The objective of such hybrid systems may be quite different from case to case. As examples:
- | For "purists" of the PV energy, consuming a minimum of energy coming from the grid, whatever the price, |
- | According to consuming and feed-in tariffs, optimizing the costs of electricity, |
- | For the optimization of the grid management, injecting power during the "best" periods of the day, |
- | Grid management: peak shaving, |
- | Grid management: short term grid stabilization (for example under variable cloudy conditions), |
- | In "rich" countries, ensuring a secure back-up in case of (rare) grid failure, |
- | In countries where the grid is weak or intermittent, ensuring electrical availability during the whole day, |
- | Mini-grids for the electrification of whole villages or islands, |
Each of these uses of the PV energy will involve different sizings, constraints, energy flux, and quite different control strategies.
On the one hand, the control will depend on the self-consumption profile and the grid characteristics (availability, overload, etc),
On the other hand, the charging/discharging strategy is important. When should the PV array charge or discharge the batteries?
- | When they are not full ? |
- | When the consumers have low needs? |
- | According to the time-dependent tariffs ? |
- | When the foreseen weather of the next day is bad ? |
Implementation in PVsyst
Since the version 6.76, PVsyst provides 3 different strategies of Grid-storage:
Each of these strategies have different constraints:
- | Self-consumption and Weak grid recovery require the definition of a user's needs hourly profile, |
- | Weak grid recovery requires the specification of a grid-unavailability hourly profile, |
- | Weak grid recovery may accept re-injection of PV energy into the grid, or not, |
- | Peak shaving doesn't involve a user's needs profile, |
- | The battery energy will never be used for feeding the grid, except with peak shaving, |
- | In all these strategies, the battery charging will begin as soon as PV energy is over the user's needs. |
- | The time of release of the battery energy (discharge) may be different according to the strategies, cost optimizations, etc. |
The sizing of the different parts of the system (PV array, battery pack, as function of the needs profile and the electricity price), is a complex problem, specific to each of these strategies. PVsyst will probably provide only rough sizing rules until some experience has been accumulated.
Real System realization
Grid-storage systems require specific electronic devices, especially suited inverters, battery chargers, controllers, etc.
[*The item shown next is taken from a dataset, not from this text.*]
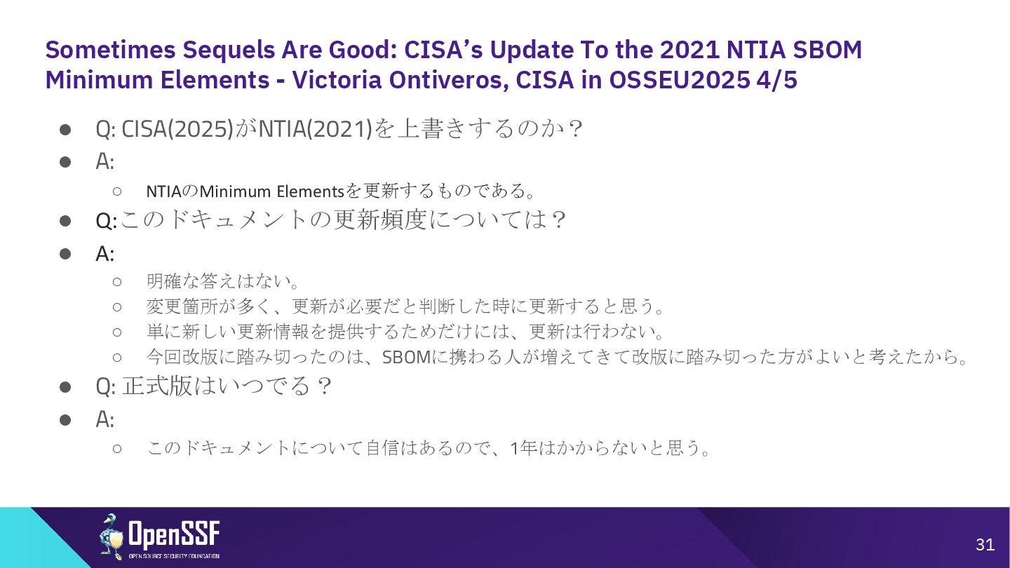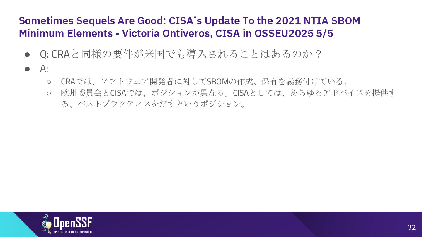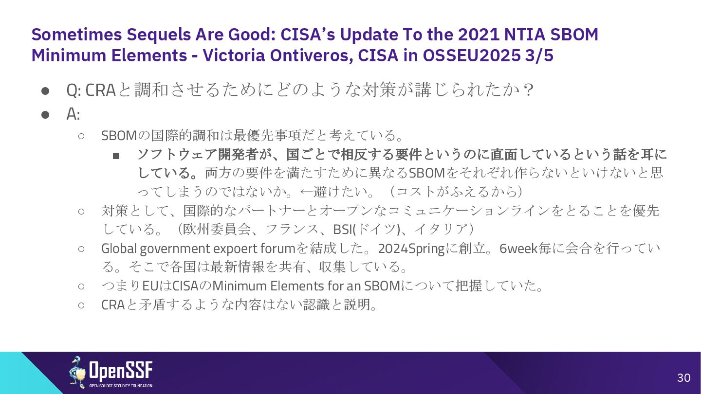 SBOM Minimum Elements - Victoria Ontiveros, CISA in OSSEU2025 3/5 • Q: CRAと調和させるためにどのような対策が講じられたか? • A: ◦ SBOMの国際的調和は最優先事項だと考えている。 ▪ ソフトウェア開発者が、国ごとで相反する要件というのに直面しているという話を耳に している。両方の要件を満たすために異なるSBOMをそれぞれ作らないといけないと思 ってしまうのではないか。←避けたい。(コストがふえるから) ◦ 対策として、国際的なパートナーとオープンなコミュニケーションラインをとることを優先 している。(欧州委員会、フランス、BSI(ドイツ)、イタリア) ◦ Global government expoert forumを結成した。2024Springに創立。6week毎に会合を行ってい る。そこで各国は最新情報を共有、収集している。 ◦ つまりEUはCISAのMinimum Elements for an SBOMについて把握していた。 ◦ CRAと矛盾するような内容はない認識と説明。 30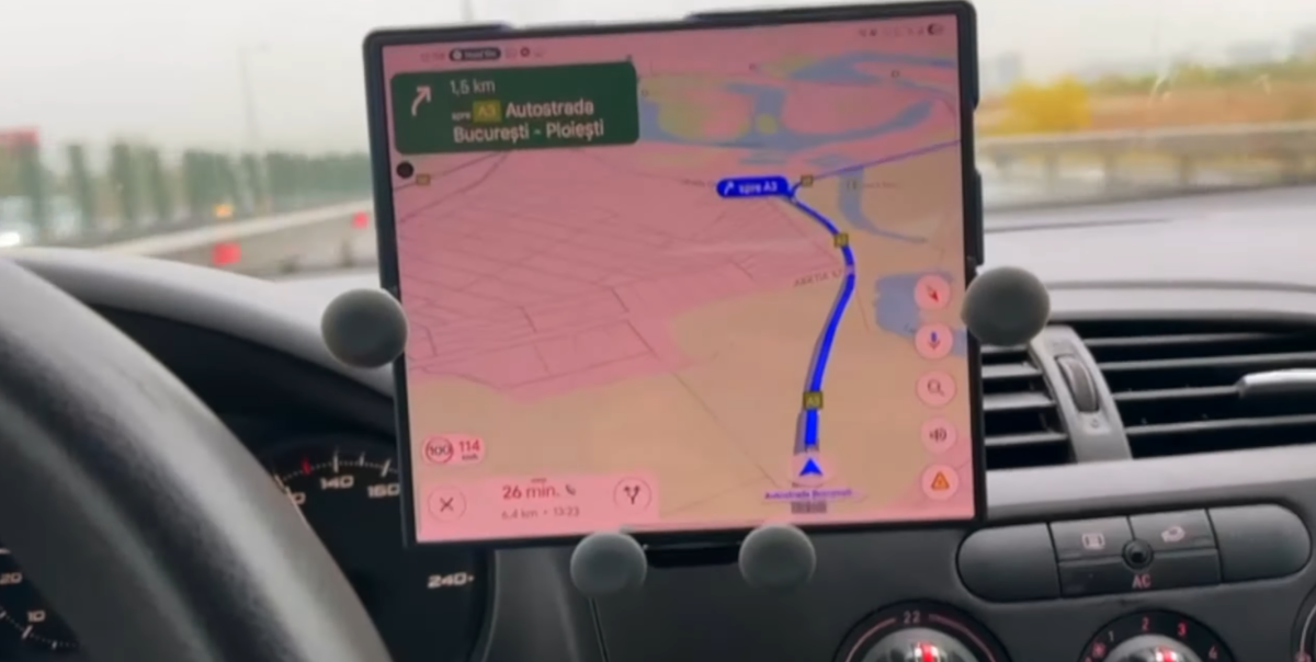 Un alt lucru de care am fost entuziasmat când am trecut la Fold e navigarea auto. Am o mașină mai veche cu un sistem multimedia care-și face treaba, dar ecranul mi se pare prea jos. Pentru Fold 7 am luat un phone holder capabil să-l țină deschis ca să am Waze și alte aplicații direct pe ecranul mare și în partea de sus, aproape de parbriz. Nu l-am folosit mult și nu e cel mai stabil, dar funcționează. Dacă mergi prin oraș și nu sunt drumuri prea accidentate atunci nu riști să-ți cadă telefonul de 2000 de euro pe jos.

Defining these devices in PVsyst will be extremely complex, as each manufacturer proposes its own integrated solution.
Moreover some battery packs for domestic use are delivered with AC inputs and outputs, meaning that a charger and an inverter is included in the pack.
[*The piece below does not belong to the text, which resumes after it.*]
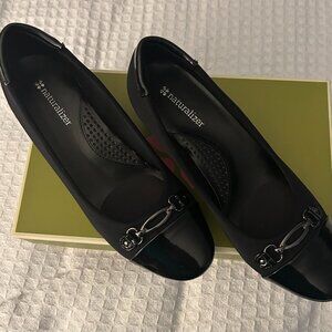These black dress shoes are the perfect compliment to any outfit. Naturalizer has created a solid reputation for providing comfort and style when it comes to footwear. These shoes are available in size 8 Medium and have built in comfort insoles for the ball of the foot and the arch. These shoes are in excellent condition and ready to enhance the statement that you are already prepared to make with your outfit and accessories.

In this first attempt, these specific devices are not yet implemented. The charging and discharging operations of the battery are approximated by generic charging (AC-DC) and discharging (DC-AC) devices, characterized by an efficiency curve as function of the power, and a maximum output power PNom. These give rise to a conversion loss in the loss diagram.
Cost of energy
Implementing a storage in a PV system implies an specific cost of the stored energy, expressed as price/kWh.
This cost corresponds indeed to the maximum energy stored in the battery pack during the battery lifetime, divided by the cost of the battery pack replacement.
The simulation will calculate the Battery ageing as a function of the operating conditions (nb. of cycles and temperature), and evaluate its degradation along the time.
The simulation will perform the replacement of the battery pack when necessary. This should be a crucial information for the financial evaluation and optimization, as well as for the ageing of the whole system.